▶ [Task requirements]: Where the line containing "يمكنك إضافة وإدارة" appears, end the copy there, keeping that line; start from the first line of the entries, copy exactly, and omit pictures.
BEGIN
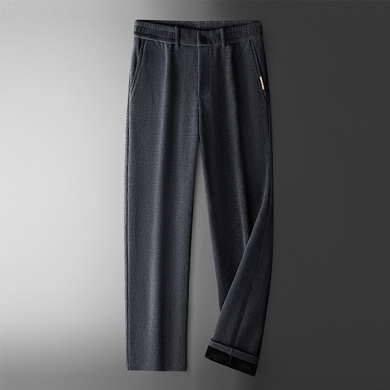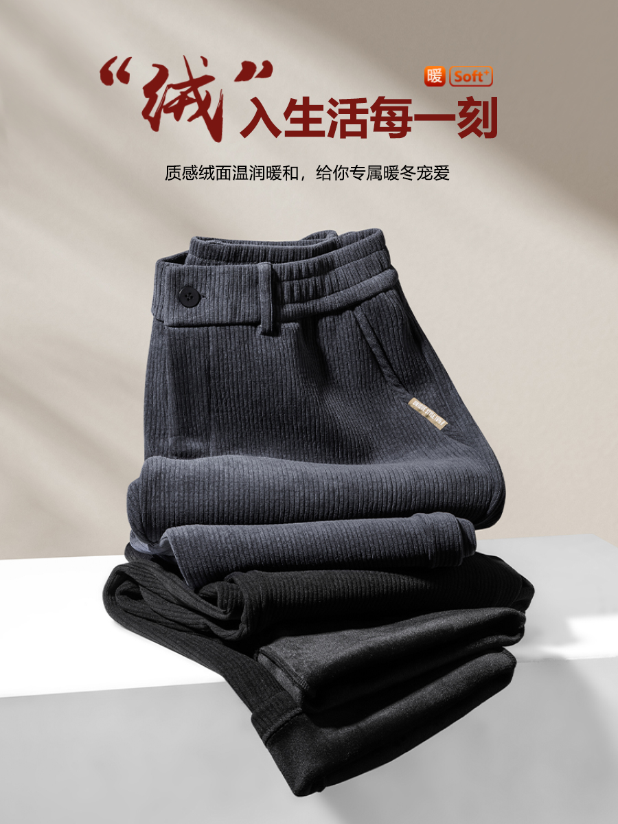 高端雪尼尔休闲裤男士冬季加绒加厚卫裤弹力宽松直筒中年爸爸裤子 M 深灰色
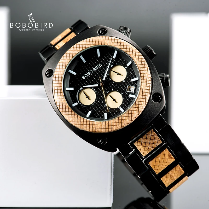 Деревянные часы BOBO BIRD, мужские секундомеры ручной работы, Мужские кварцевые наручные часы ручной работы, мужские часы, японские часы, Прямая поставка
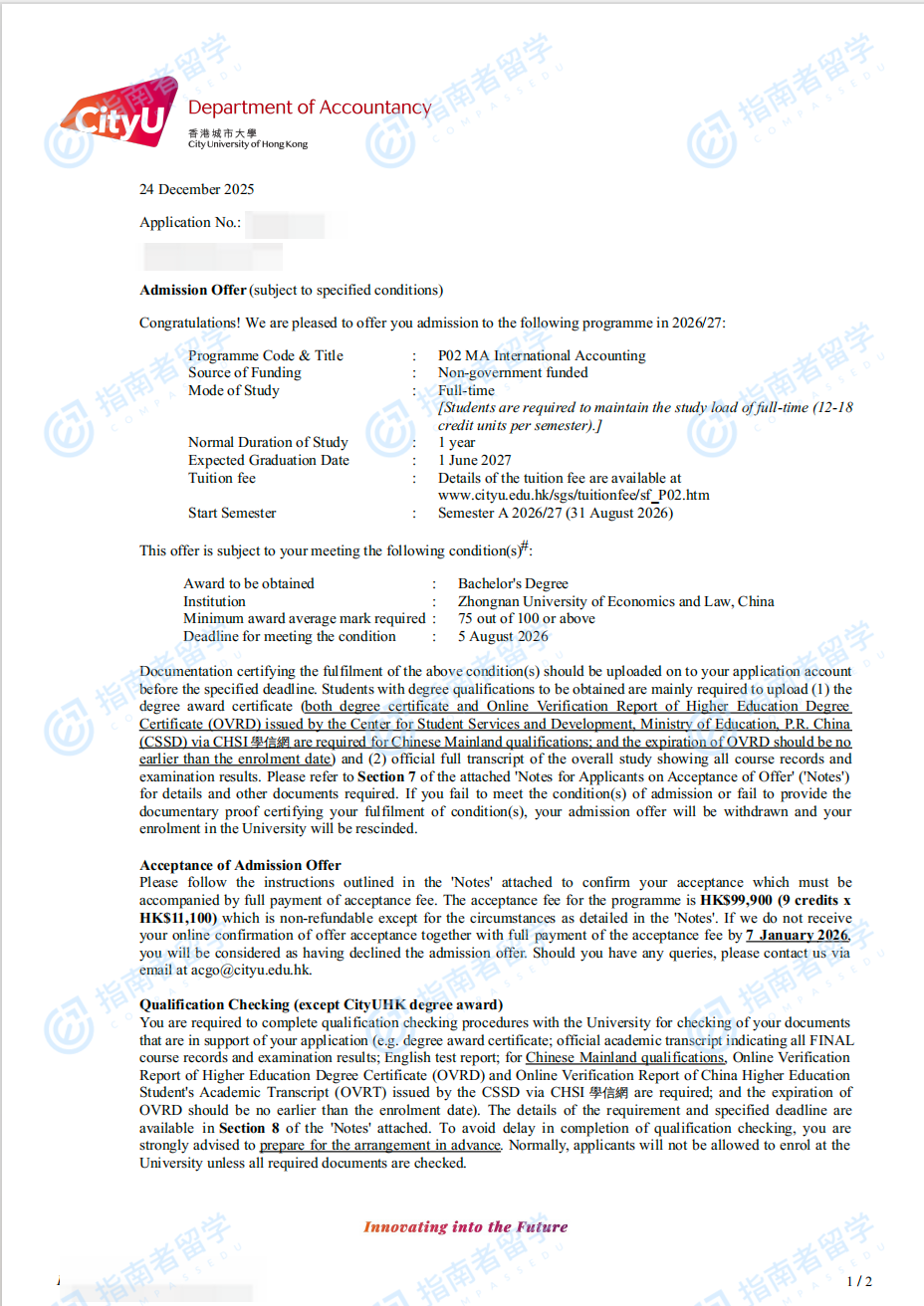 香港城市大學國際會計學文學碩士研究生offer一枚
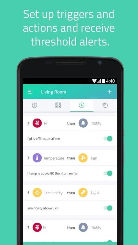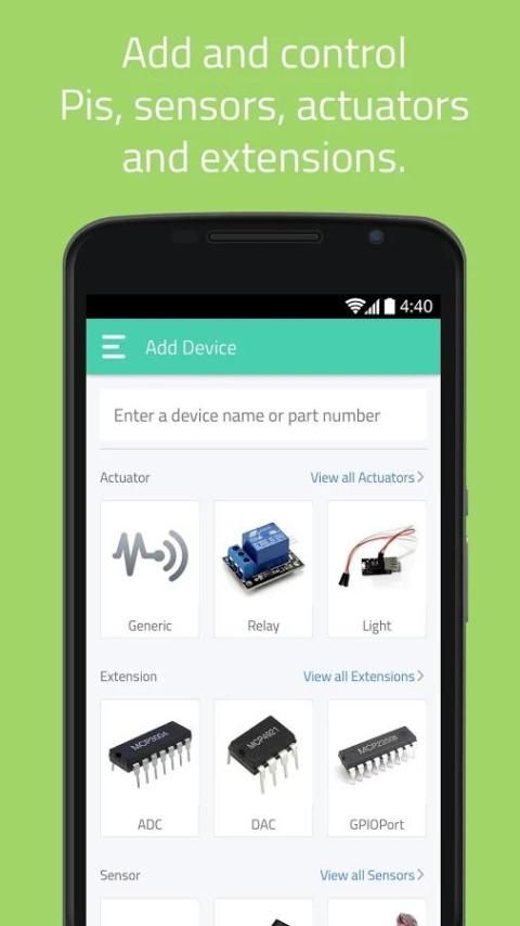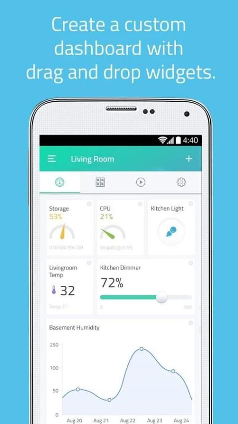 يمكنك إضافة وإدارة ومراقبة جميع أنواع أجهزة الاستشعار والمحركات من لوحة أجهزة القياس هاتفك مع السحب والإسقاط الحاجيات.
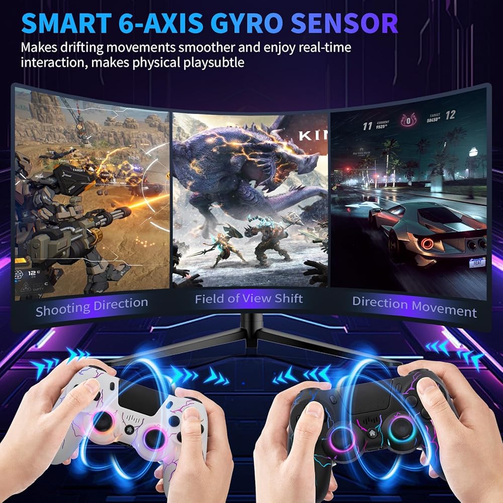 【FUNCTION HIGHLIGHTS】The PS4 pro controller built-in 6-axis gyroscope with adjustable field of view and direction, which allows you to adjust your character's dodging direction by slightly turning the handle to easily avoid enemy attacks. The ps4 controller has dual vibration motors, which can generate different vibration effects according to the game scene, feel the environmental changes in the game in a more detailed way. The touchpad supports multi-touch and gesture operation, can accurately control the direction and range of the character's superpower release by swiping, zooming and other operations.
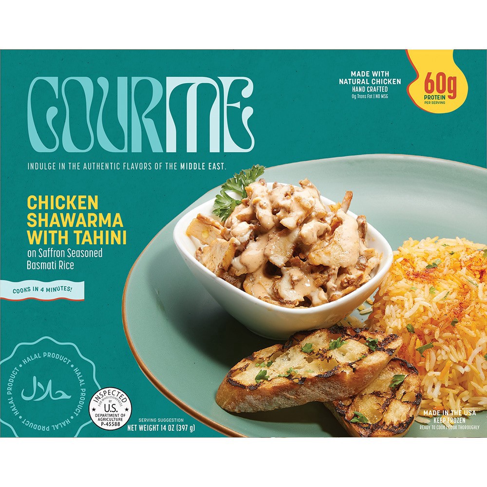 slide 2 of 2, Gourme Chicken Shawarma With Rice & Tahini Sauce, 14 oz
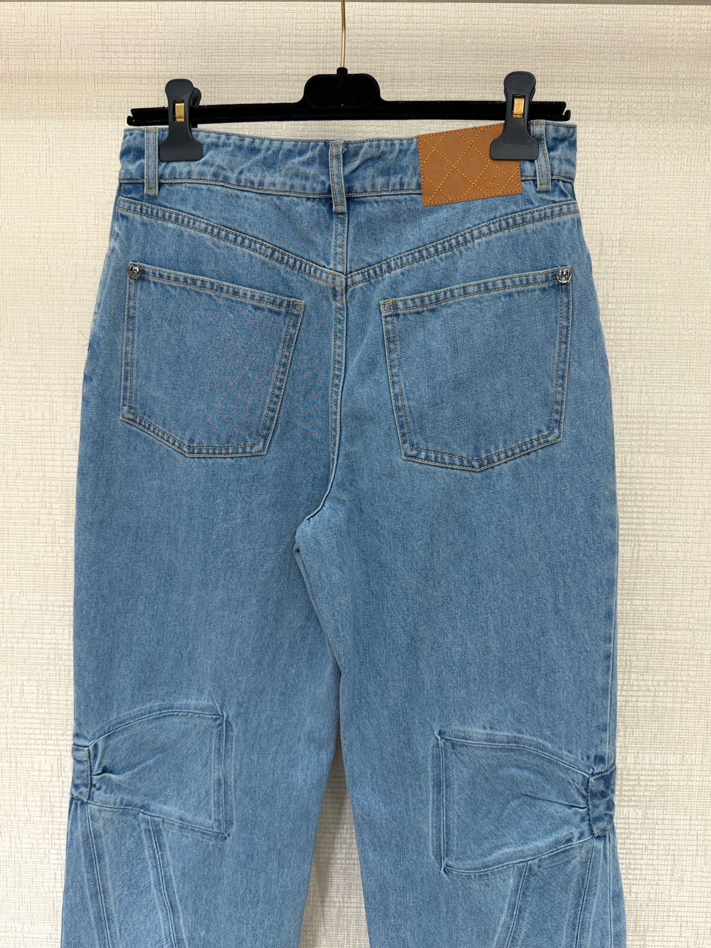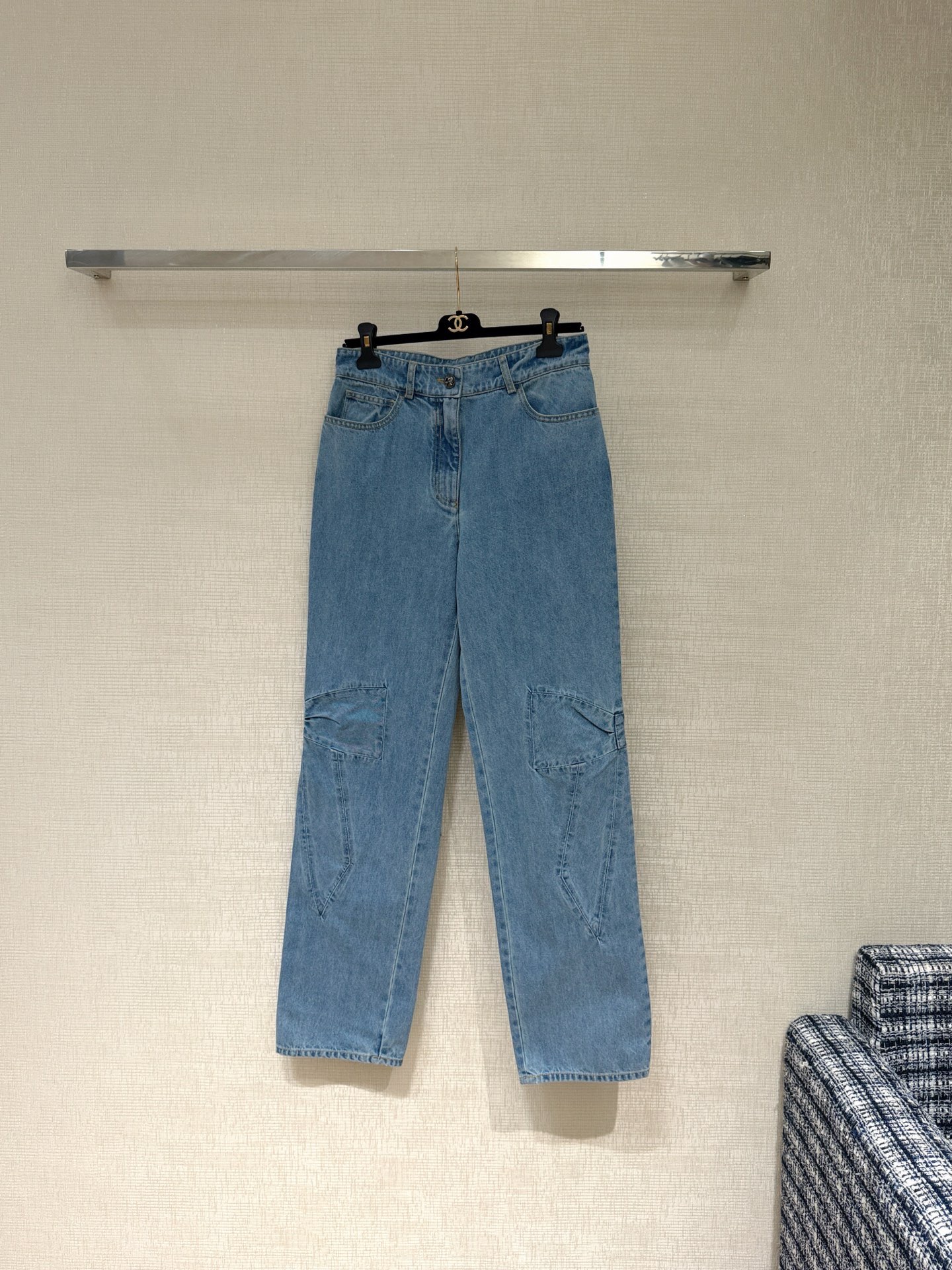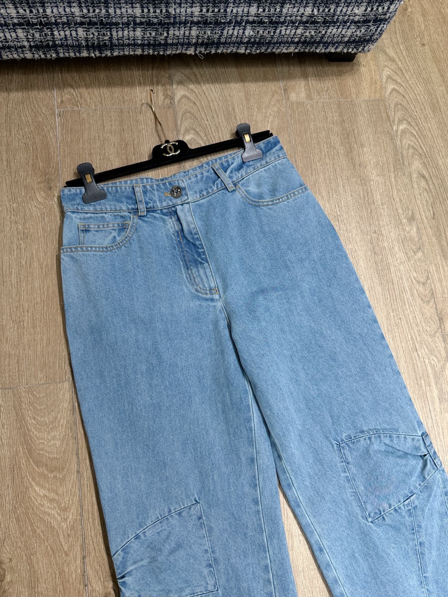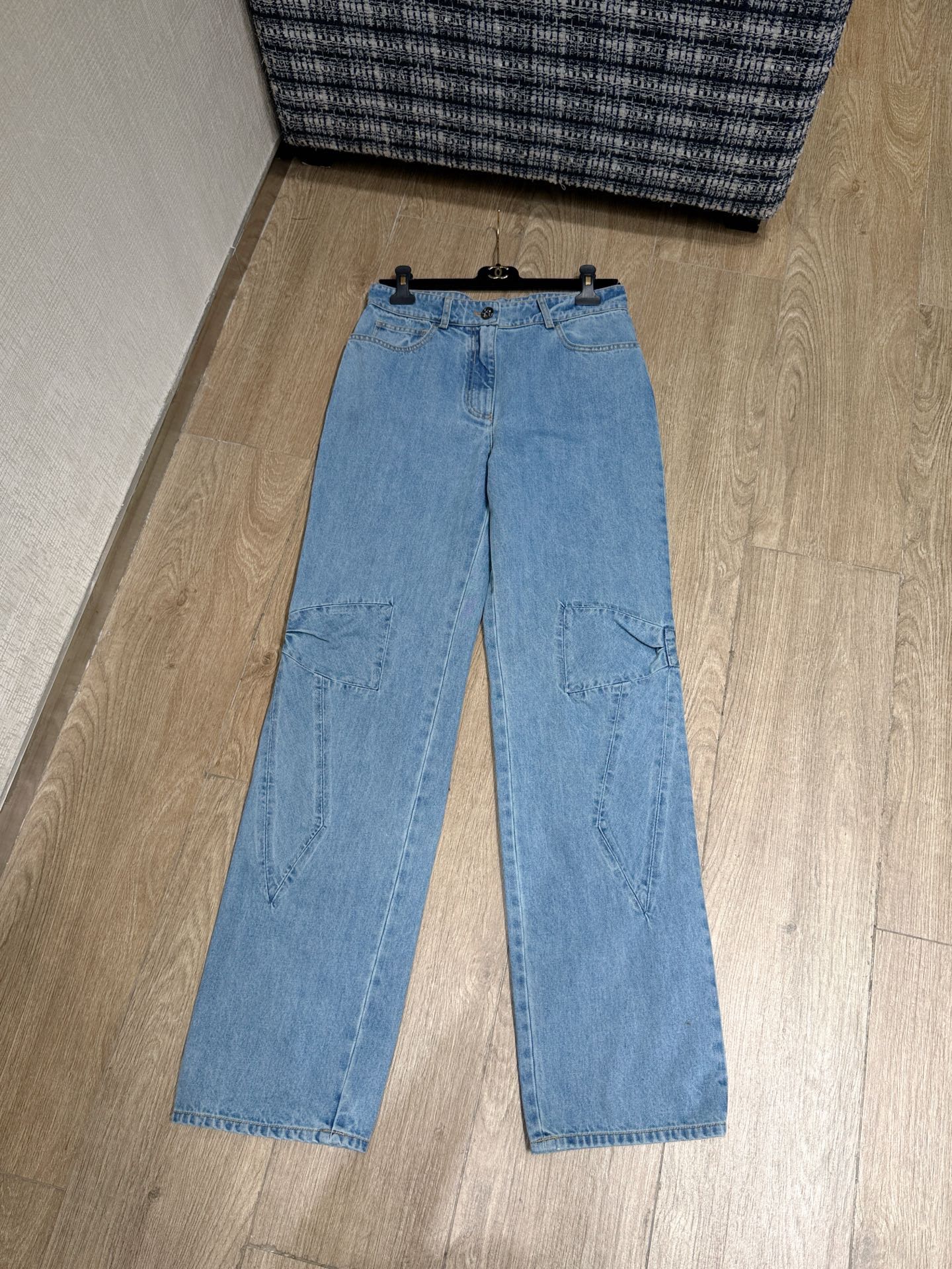 Модель выполнена из высококачественного светло-голубого денима средней плотности. Джинсы имеют классическую посадку на талии с застёжкой на пуговицу и потайную молнию, стандартные шлевки для ремня и привычную конструкцию карманов. Низ прямой, плавно спадающий к щиколотке.
END
▶ [Answer section]:
 高端雪尼尔休闲裤男士冬季加绒加厚卫裤弹力宽松直筒中年爸爸裤子 M 深灰色
 Деревянные часы BOBO BIRD, мужские секундомеры ручной работы, Мужские кварцевые наручные часы ручной работы, мужские часы, японские часы, Прямая поставка
 香港城市大學國際會計學文學碩士研究生offer一枚
 يمكنك إضافة وإدارة ومراقبة جميع أنواع أجهزة الاستشعار والمحركات من لوحة أجهزة القياس هاتفك مع السحب والإسقاط الحاجيات.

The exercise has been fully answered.